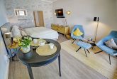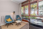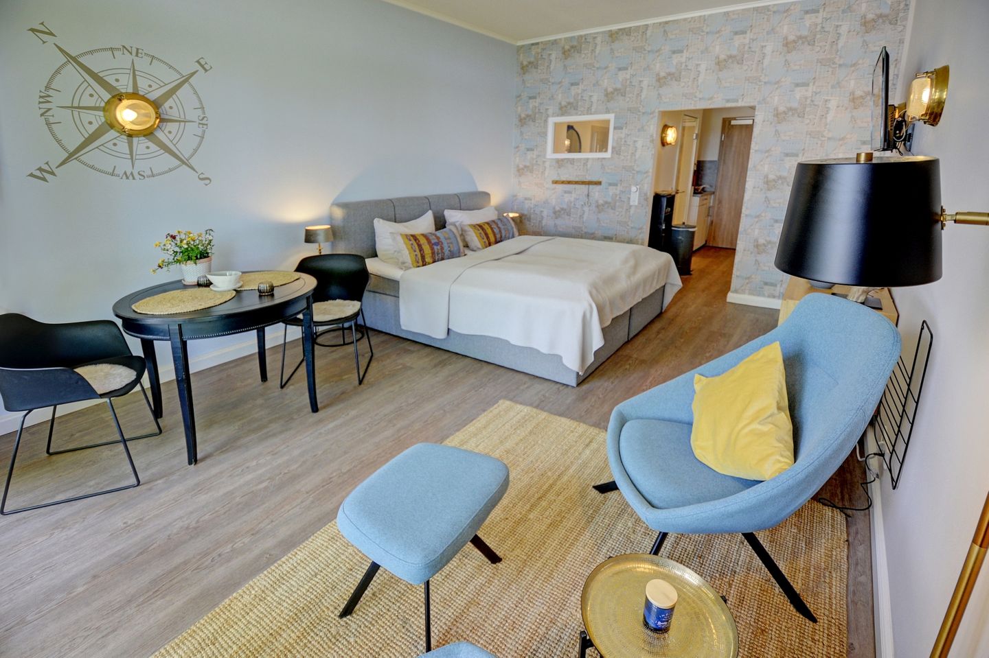 Das helle Apartment ist modern und mit Liebe zum Detail eingerichtet. Eine kleine, gut ausgestattete Kochnische ermöglicht es Ihnen, sich bequem selbst zu versorgen. Am Esstisch mit Meerblick lassen sich gemeinsame Mahlzeiten in entspannter Atmosphäre genießen. Dank der bodentiefen Fenster fällt viel Tageslicht in die Wohnung, was für ein angenehmes Wohngefühl sorgt – und mit etwas Glück hören Sie sogar das sanfte Rauschen der Wellen.
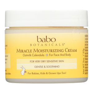 Babo botanicals oatmilk calendula miracle moisturizing cream is made with purified water, aloe leaf juice, virgin coconut oil, shea butter, cocoa seed butter, vegetable glycerin, calendula flower extract, chamomile flower extract, meadowsweet flower extract, cedarwood oil, bergamot fruit extract, vanilla extract and vitamin e. Each 2 oz. Tub contains our moisturizing cream, which soothes and comforts very dry or sensitive skin. See label for warnings and risks.
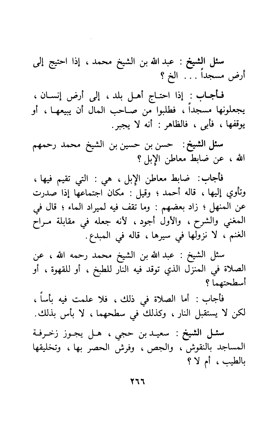 سئل الشيخ حسن بن حسين بن الشيخ محمد، رحمهم الله: عن ضابط معاطن الإبل؟
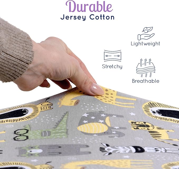 - πFUN & CHARMING DESIGN - Our crib mattress sheets features an adorable Safari Jungle pattern. This charming design brings the calming essence of the sea into your baby boy nursery.
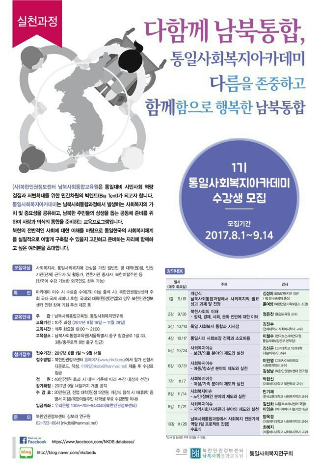 [모집] (사)북한인권정보센터 남북사회통합교육원 1기 통일사회복지아카데미 수강생 모집 안내
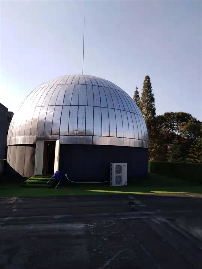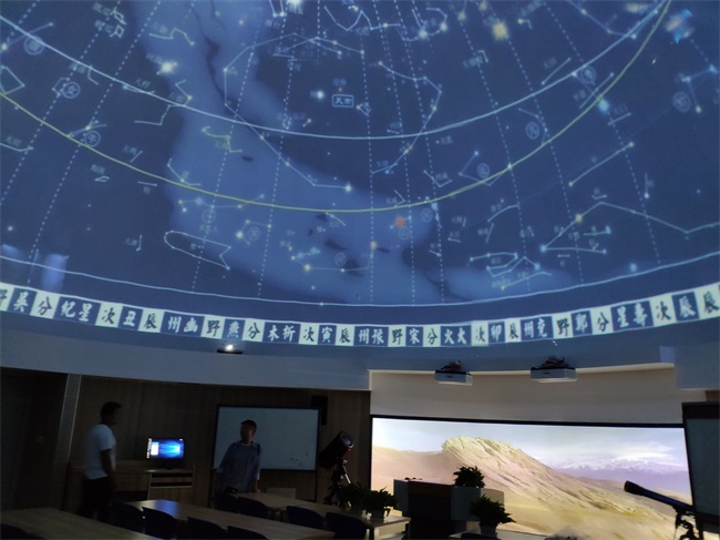 天象館由集光、機、電于一體的數(shù)字天象儀和球形天幕組成,羿飛建造的這間天象館,球形天幕直徑達10米,那些恒星、行星及其他各式各樣的天體,它們的樣貌和運行過程會被如實地投影至這巨大的穹頂之上。日月星辰的升降運動、行星在恒星中穿行、地球自轉軸的歲差運動等,直觀逼真,生動有趣。

* Task statement: Please copy exactly the lines from the one containing "- πFUN & CHARMING" through the end of the records above, leaving out every picture.

* Exercise output:
 - πFUN & CHARMING DESIGN - Our crib mattress sheets features an adorable Safari Jungle pattern. This charming design brings the calming essence of the sea into your baby boy nursery.
 [모집] (사)북한인권정보센터 남북사회통합교육원 1기 통일사회복지아카데미 수강생 모집 안내
 天象館由集光、機、電于一體的數(shù)字天象儀和球形天幕組成,羿飛建造的這間天象館,球形天幕直徑達10米,那些恒星、行星及其他各式各樣的天體,它們的樣貌和運行過程會被如實地投影至這巨大的穹頂之上。日月星辰的升降運動、行星在恒星中穿行、地球自轉軸的歲差運動等,直觀逼真,生動有趣。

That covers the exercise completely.